#### [ASSIGNMENT]
Print, word for word, the opening line of the data below and every line after it through the line that contains "今年できたばかりの温泉、南玉川 湯宿はなやの森です。 意外な赤湯で満足。", but not the pictures.

SUPPLIED RECORDS section start

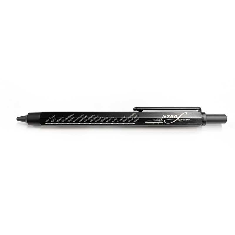当社公式オンラインショップでは、ほどよい重量感と手触り感はそのままに、ボールペン2色(ブラック・レッド)、メカニカルペンシルの3 機能を搭載した「マルチペン」も販売中です。本体にはこだわりのアングルで描いた「N700S」のイラストを刻印するとともに、N700Sの車両イラスト・ロゴを組み合わせたダブルデザインを施しました。
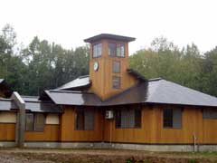 今年できたばかりの温泉、南玉川 湯宿はなやの森です。 意外な赤湯で満足。 宝仙湖に沈んだ小学校の分校を再現した建物です。 |
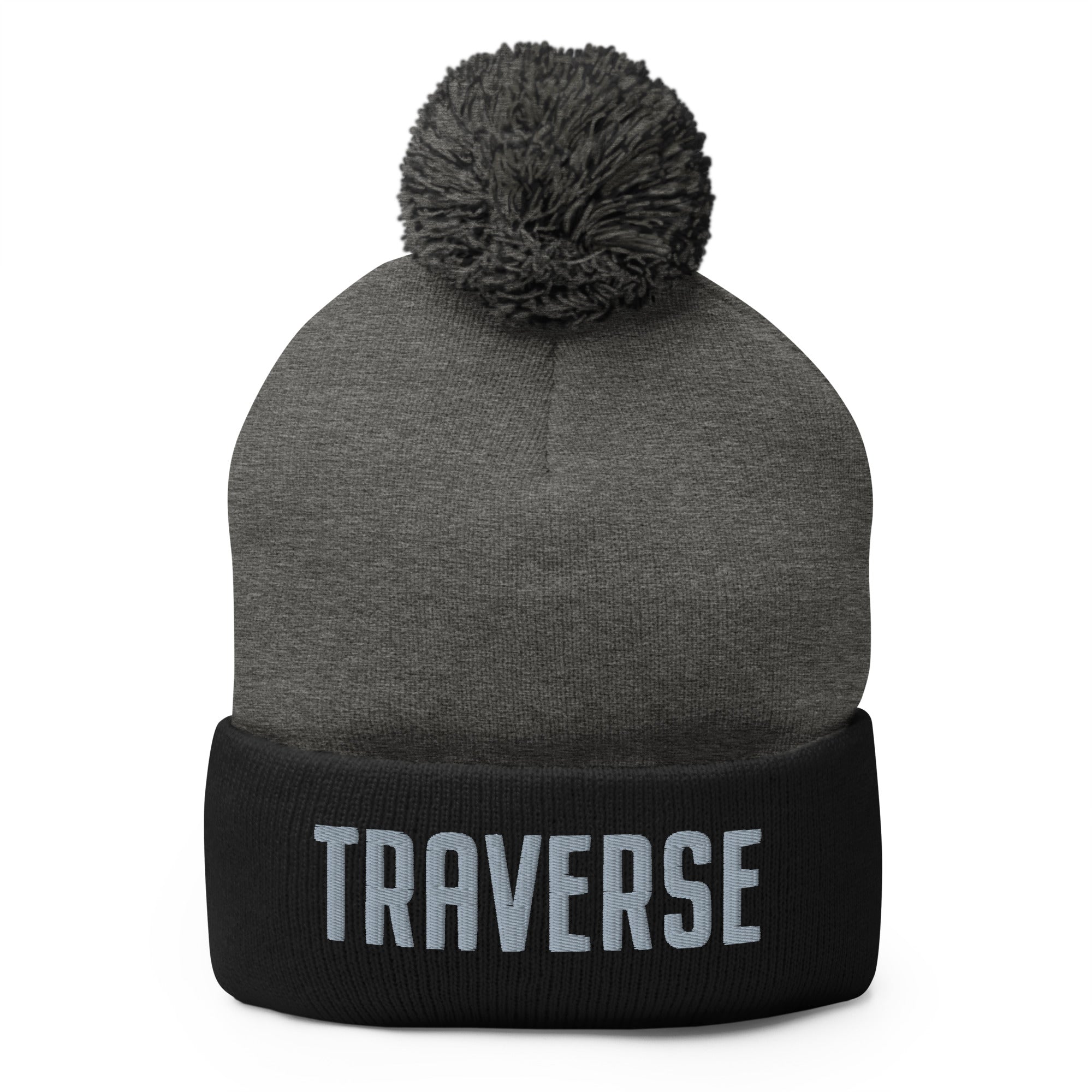 Traverse Embroidered Pom-Pom Beanie - Black / Dark Heather
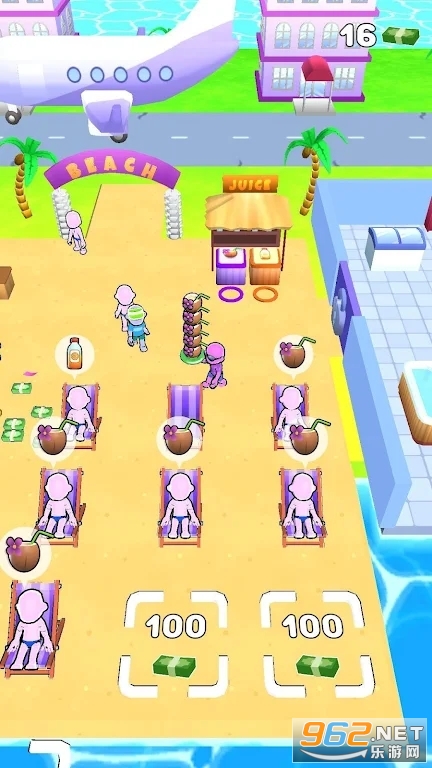 一款轻松有趣的休闲闯关游戏,游戏中玩家将不断的壮大自己的度假村,游戏的操作简单容易上手,服务客人来获得扩建的资金,然后接待更多的客人,推荐给喜欢休闲游戏的玩家。
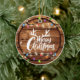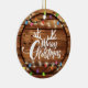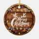 Wooden Rustic Christmas Light Script Family Photo Ceramic Ornament
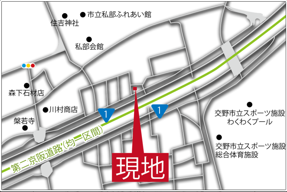 | 交通 | 京阪交野線「交野市」駅徒歩14分 JR学研都市線「河内磐船」駅徒歩17分 |
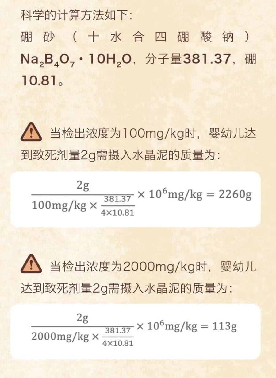 假设硼全部以硼砂的形式存在,以网传检出的最高浓度(5000mg/kg)计算,婴幼儿需要一次性摄入45g水晶泥(约一小盒)才可能达到致死剂量2g。而以本市实验室的实测浓度(100mg/kg-2000mg/kg)来看,婴幼儿需要一次性摄入113g-2260g水晶泥才会达到致死剂量。
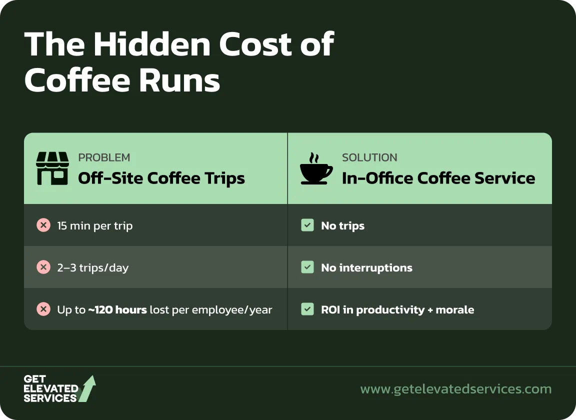 Data consistently shows that poor or non-existent coffee at office costs thousands in lost productivity.
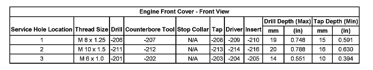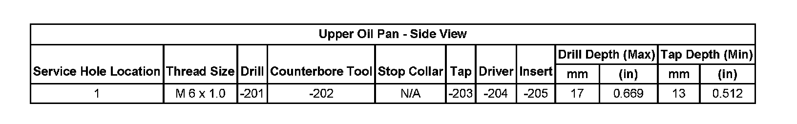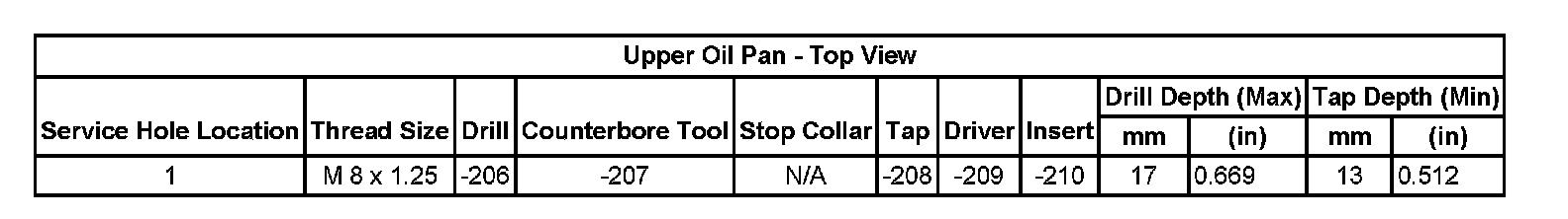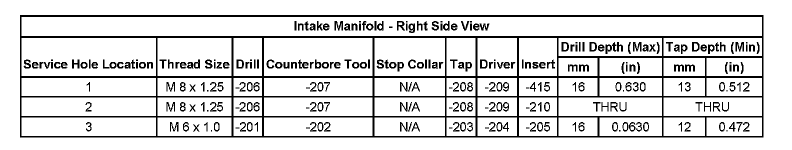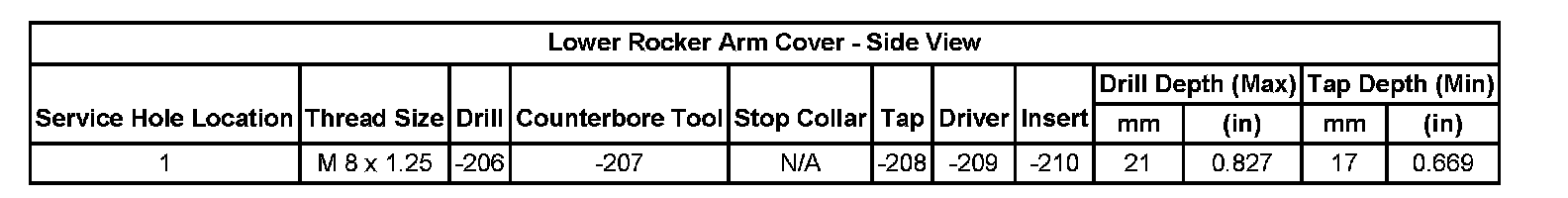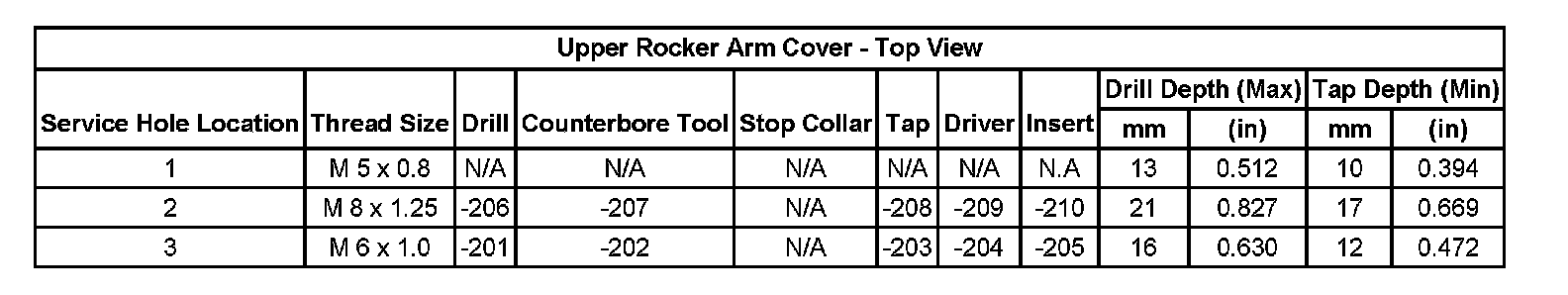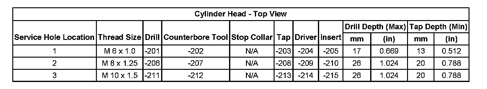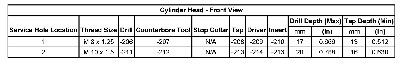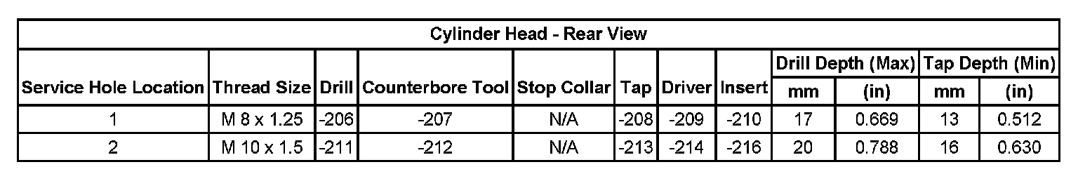 Thread Repair SpecificationsCylinder Head:

SUPPLIED RECORDS section end

#### [SOLUTION TO THE PROBLEM]
当社公式オンラインショップでは、ほどよい重量感と手触り感はそのままに、ボールペン2色(ブラック・レッド)、メカニカルペンシルの3 機能を搭載した「マルチペン」も販売中です。本体にはこだわりのアングルで描いた「N700S」のイラストを刻印するとともに、N700Sの車両イラスト・ロゴを組み合わせたダブルデザインを施しました。
 今年できたばかりの温泉、南玉川 湯宿はなやの森です。 意外な赤湯で満足。 宝仙湖に沈んだ小学校の分校を再現した建物です。 |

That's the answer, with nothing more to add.